2 thoughts on “Camping: Initial reactions”

  1. ” . . . it seems to me that camping is a “meta” activity in that much of one’s time camping is setting up, cleaning, rearranging, fussing with, and, at the end of the trip, packing up the camp stuff. . . .”

    Oh, Steve.

    I got to see lots and lots of stars that we never see in Ypsi.

    I learned that chili cooked slow over a campfire tastes at least twice as good as chili does at home.

    I learned that after a few adult beverages, just about anything can be put on a stick or into a pie iron and roasted over the campfire.

    It warmed my heart to see Will running about with sharp sticks, jumping off of sand dunes, and poking at the fire all night, especially because none of these activities involved wearing a helmet or fiddling with video and computer controls.

    And, how will I ever forget the best one-liner I’ve heard in quite a while. Jim: “You know, if I had read the directions, the table probably wouldn’t have burst into flames.”
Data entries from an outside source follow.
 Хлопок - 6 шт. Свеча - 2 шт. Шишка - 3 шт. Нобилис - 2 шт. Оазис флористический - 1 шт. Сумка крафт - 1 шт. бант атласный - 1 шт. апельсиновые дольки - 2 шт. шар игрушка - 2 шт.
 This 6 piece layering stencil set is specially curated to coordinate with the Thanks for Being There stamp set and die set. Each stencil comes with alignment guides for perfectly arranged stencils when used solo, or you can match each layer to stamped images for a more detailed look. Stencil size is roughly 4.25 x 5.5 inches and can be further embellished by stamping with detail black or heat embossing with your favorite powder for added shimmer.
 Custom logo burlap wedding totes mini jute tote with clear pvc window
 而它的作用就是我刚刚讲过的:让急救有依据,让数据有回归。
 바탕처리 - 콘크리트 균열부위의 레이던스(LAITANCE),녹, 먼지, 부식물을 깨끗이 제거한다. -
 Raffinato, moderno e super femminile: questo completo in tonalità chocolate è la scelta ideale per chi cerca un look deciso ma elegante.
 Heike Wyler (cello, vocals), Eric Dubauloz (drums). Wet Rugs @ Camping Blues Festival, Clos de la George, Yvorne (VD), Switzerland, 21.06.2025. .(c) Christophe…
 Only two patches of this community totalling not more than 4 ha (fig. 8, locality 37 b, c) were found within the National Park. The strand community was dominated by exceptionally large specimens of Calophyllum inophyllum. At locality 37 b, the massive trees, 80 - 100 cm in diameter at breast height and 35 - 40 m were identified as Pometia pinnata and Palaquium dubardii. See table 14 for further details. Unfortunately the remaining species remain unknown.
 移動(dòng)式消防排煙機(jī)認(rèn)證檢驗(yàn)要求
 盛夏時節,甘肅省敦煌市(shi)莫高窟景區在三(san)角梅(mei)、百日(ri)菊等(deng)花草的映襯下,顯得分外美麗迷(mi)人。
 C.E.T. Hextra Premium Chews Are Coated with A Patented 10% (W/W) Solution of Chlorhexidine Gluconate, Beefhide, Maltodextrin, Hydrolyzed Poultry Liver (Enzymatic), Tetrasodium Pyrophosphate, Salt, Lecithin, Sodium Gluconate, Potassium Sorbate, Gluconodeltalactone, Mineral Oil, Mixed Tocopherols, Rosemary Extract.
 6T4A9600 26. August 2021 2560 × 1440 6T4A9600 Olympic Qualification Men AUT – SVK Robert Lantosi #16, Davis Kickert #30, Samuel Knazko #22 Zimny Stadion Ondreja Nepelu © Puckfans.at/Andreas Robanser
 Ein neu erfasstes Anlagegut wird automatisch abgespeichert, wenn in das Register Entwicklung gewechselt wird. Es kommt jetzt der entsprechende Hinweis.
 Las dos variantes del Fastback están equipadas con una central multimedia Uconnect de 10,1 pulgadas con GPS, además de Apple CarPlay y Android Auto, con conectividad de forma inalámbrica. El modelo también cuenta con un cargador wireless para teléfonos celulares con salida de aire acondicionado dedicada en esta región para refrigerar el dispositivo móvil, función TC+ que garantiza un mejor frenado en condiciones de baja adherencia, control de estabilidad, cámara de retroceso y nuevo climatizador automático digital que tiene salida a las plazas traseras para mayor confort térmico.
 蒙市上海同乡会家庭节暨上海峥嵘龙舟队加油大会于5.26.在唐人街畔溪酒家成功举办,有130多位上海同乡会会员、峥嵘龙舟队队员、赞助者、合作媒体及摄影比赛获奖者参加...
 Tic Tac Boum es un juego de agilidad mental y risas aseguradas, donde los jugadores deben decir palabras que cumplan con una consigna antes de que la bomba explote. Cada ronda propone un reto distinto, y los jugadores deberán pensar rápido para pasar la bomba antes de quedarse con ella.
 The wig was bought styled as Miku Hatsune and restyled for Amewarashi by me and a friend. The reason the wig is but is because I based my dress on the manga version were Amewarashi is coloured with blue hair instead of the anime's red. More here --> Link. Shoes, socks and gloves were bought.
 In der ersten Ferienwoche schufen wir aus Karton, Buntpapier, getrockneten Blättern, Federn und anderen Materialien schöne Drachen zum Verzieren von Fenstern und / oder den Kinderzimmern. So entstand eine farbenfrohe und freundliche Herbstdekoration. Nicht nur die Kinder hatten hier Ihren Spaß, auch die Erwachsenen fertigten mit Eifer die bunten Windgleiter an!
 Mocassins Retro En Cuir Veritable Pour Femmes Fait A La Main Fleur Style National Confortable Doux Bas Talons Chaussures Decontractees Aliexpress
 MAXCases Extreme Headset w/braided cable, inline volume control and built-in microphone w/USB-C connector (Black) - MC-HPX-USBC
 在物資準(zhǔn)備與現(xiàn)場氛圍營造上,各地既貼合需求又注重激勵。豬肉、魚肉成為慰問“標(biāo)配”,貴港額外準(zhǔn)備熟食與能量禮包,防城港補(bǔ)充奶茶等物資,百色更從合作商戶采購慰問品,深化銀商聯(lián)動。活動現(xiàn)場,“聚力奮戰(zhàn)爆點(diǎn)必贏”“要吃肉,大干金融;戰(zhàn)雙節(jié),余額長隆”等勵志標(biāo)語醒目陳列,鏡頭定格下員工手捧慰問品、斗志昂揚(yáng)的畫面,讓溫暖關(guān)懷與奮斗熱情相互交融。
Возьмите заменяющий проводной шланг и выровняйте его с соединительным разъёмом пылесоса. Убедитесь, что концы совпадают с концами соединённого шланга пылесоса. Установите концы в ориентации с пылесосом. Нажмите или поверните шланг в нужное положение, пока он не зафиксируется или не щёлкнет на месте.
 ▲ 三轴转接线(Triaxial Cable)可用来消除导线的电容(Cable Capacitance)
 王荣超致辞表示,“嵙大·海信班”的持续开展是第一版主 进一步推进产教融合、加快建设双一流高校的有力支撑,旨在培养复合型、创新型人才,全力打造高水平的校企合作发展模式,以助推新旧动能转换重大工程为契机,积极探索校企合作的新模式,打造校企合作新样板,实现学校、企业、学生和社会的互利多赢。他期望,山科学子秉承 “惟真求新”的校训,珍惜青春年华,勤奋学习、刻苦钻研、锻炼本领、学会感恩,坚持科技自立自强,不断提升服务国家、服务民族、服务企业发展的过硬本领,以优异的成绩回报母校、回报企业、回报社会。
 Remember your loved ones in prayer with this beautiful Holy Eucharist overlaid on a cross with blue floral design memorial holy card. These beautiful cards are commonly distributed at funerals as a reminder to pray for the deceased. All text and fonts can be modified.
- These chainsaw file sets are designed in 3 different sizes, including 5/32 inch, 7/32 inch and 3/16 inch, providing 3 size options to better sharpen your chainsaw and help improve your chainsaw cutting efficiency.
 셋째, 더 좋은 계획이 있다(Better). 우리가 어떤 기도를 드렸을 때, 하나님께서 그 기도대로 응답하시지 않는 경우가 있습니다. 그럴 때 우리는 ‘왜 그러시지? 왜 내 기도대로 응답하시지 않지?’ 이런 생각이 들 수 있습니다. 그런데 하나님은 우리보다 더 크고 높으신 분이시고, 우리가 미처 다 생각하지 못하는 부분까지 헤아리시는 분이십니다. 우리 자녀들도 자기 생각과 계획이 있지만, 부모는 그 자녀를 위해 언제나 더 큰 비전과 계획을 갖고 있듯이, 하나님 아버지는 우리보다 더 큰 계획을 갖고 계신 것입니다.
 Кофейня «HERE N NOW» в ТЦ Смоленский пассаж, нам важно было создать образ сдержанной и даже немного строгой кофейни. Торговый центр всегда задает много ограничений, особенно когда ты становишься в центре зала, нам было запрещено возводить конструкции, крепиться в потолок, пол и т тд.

  2. These things are all true, of course… well, I’m not sure about the chili being twice as good, but it was quite good.

    And how could I forget about Jim almost burning down the camp? This involved some fiddling with the fuel with his new stove and there really was about 30 seconds of high “oh shit, we’re going to burn this mother down” drama. Directions indeed. Oh, and propane– I think the burst into flames thing is less likely that way.